Bill would end local 'police powers,' not municipal zoning
A Wisconsin bill authored by Senator Thomas Tiffany (R - Hazelhurst) would require environmental regulations for frac sand mines to be administered by state agencies and not local governments, and would remove the ability of municipalities to use "police powers" to dictate land use rules for mines already in operation.
Some media reports have clouded the issue of how the bill would affect local governments. The bill would not undermine municipalities' ability to regulate mines using zoning regulations; instead, it would prohibit local governments from using police powers — which are allowed to be applied upon mines that have already been permitted. The proposed legislation would not prohibit the ability of local governments to impose fees for heavy road use by trucks serving mines, but would not allow them to require upfront fees based on damage estimates. The bill would also prohibit local governments from enacting their own air and water monitoring standards or blasting regulations (aside from restricting hours blasting could occur at mine sites). Air and water quality, as well as blasting provisions, are already regulated by state agencies, which have the resources to do so, said Tiffany in an interview with the Winona Post last week.
Western Wisconsin is one of the nation's biggest suppliers of "frac" sand, in demand for the hydraulic fracturing industry in which the sand is used to help harvest oil and natural gas contained in underground shale rock formations. The swell in demand for the commodity has gained support by some who say the industry provides a needed boost to local economies. However, the frac sand mining industry has also produced passionate opponents who fear mines and the semi trucks they use could damage the environment, pollute water, and produce dust and diesel fumes that could be a threat to public health.
Tiffany said that currently, local regulations for the sand mining industry can vary from town to town and county to county, producing confusion for mine operators and hindering investments. Currently, a mine that is permitted using a zoning permit process, the operation is "grandfathered in" if zoning requirements are changed later. But Tiffany said that some municipalities are using police powers as a way to change regulations for existing mines, since police powers, unlike zoning regulations, can be applied retroactively. "We're trying to stop this regulatory creep from happening before they go too far [and] start to harm the economy in Western Wisconsin," Tiffany said.
Senator Kathleen Vinehout, (D - Alma), who has pushed legislation in the past that would strengthen regulations for the sand mining industry, spoke out against the new bill last week. "Senator Tiffany's bill takes away people's ability to protect against a health threat or an extreme nuisance," she said. "If mining companies can't convince their neighbors that [sand mining] is a good thing, why should Madison politicians get involved?"

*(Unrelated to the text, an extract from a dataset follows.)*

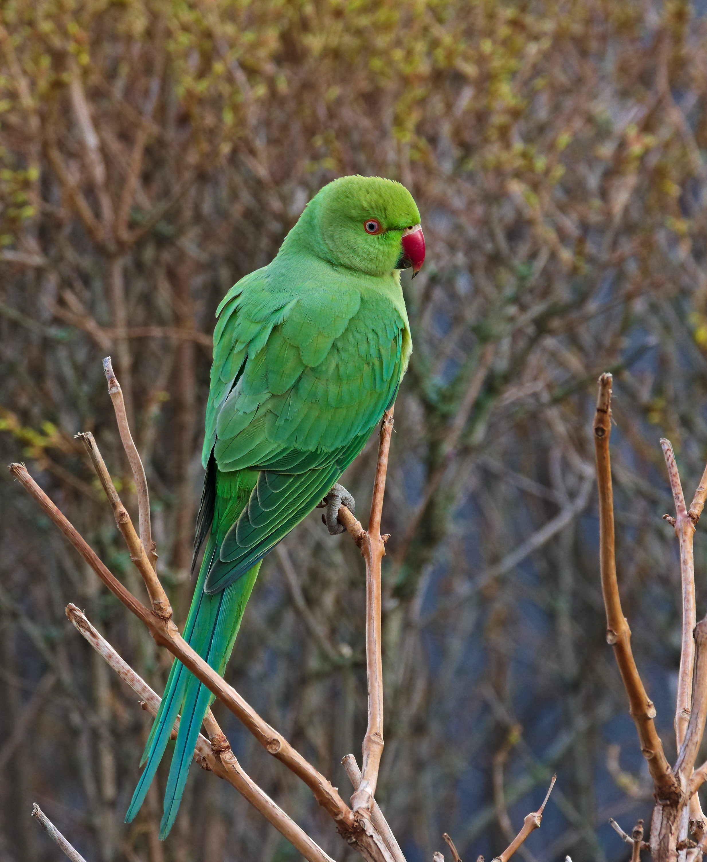 Rose-ringed parakeet - Psittacula krameri, female. Taken in Mannheim-Vogelstang, Baden-Württemberg, Germany.

Tiffany defended his legislation, saying accusations that it would hinder local control were unfounded. "We're trying to be very precise about this bill and make sure that everybody knows the rules of the game, while still giving local municipalities the ability to zone and to protect their roads," he said. As for environmental controls, "air and water permitting and monitoring is a function of the state, and that's what this bill says. [The Wisconsin Department of Natural Resources] has the resources; they have the people to be able to conduct that in a scientific manner. They have a billion dollar budget; I believe we do not want mini DNRs all over the state of Wisconsin doing environmental regulation, because then you end up with a patchwork of regulations, and people don't know from municipality to municipality what they are."
Some town governments without zoning regulations have turned to police powers as a way to govern sand mines, and opponents to the bill have said lifting their ability to use police power rule making would prove a negative for small communities where mines are located.
"Should [mining companies] be able to tear up the road driving 400 trucks a day past the school?" asked Vinehout in a statement. "Should people have local protection so their wells don't dry up?"
Because police powers can be used to change mine rules after an operation has already been permitted, Tiffany explained that the use of such retroactive controls creates uncertainty for mining companies who want to invest in local economies and create jobs. "Some are trying to change the rules of the game for existing operators," he said. The economic effect of strict and varied mine regulations, said Tiffany, can be seen by a look across the Mississippi River into Minnesota, where sand deposits have also brought interested mining companies. "State legislation has certainly been very chilling in terms of allowing the industry to grow in Minnesota. It's the same type of sand, one on the west side of the Mississippi and one on the east side of the Mississippi, and Wisconsin is prospering from it while Minnesota has chosen not to. All you have to do is look at that juxtaposition and see Wisconsin is prospering."
Vinehout criticized the bill as one that would limit the ability of local communities to regulate mines themselves. "Why should politicians in Madison control our communities?" she asked. "They don't live here."
Tiffany said there was nothing in the bill that would hinder a local municipality from prohibiting mining activities altogether, adding that the legislation was an effort to provide consistency to the world of mine regulations. "If you don't want mining, say so [in zoning ordinances]," he said. "Be honest with people."